He kept his eyes on the straggling line of seaweed, shells and snags of driftwood that marked the water’s highest reach.
The tide was just turning now, the waves falling ever shorter in their pleading grasp upon the land.
As the saltwater retreated down the black sand, it would bare the worn molars of shale and tangles of kelp that now hid beneath the waves.
On the other side of Others’ Island, his two-masted ship was anchored in Deception Cove.
He had brought the Marietta in to anchor there as the morning winds had blown the last of the storm clean of the sky.
The tide had still been rising then, the fanged rocks of the notorious cove grudgingly receding beneath frothy green lace.

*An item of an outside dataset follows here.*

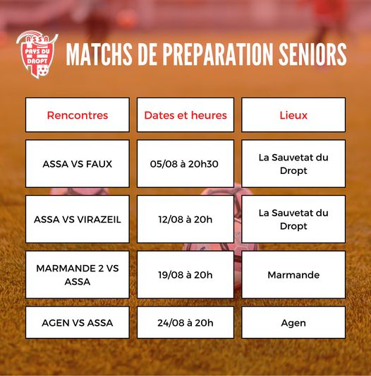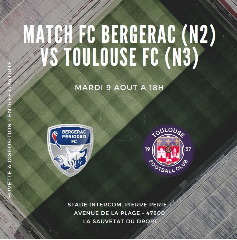 Le Mardi 9 Août, l’ASSA Pays du Dropt reçoit le club de Bergerac pour un de leur match de préparation face à la réserve du Toulouse FC. Venez profiter de ce match de haut niveau, l’entrée au stade Pierre Périé est gratuite.

The ship’s gig had scraped over and between the barnacled rocks to put him and Gankis ashore on a tiny crescent of black sand beach which disappeared completely when storm winds drove the waves up past the high tide marks.
Above, slate cliffs loomed and evergreens so dark they were nearly black leaned precariously out in defiance of the prevailing winds.
Even to Kennit’s iron nerves, it was like stepping into some creature’s half-open mouth.
They’d left Opal, the ship’s boy, with the gig to protect it from the bizarre mishaps that so often befell unguarded craft in Deception Cove.
Much to the boy’s unease, Kennit had commanded Gankis to come with him, leaving boy and boat alone.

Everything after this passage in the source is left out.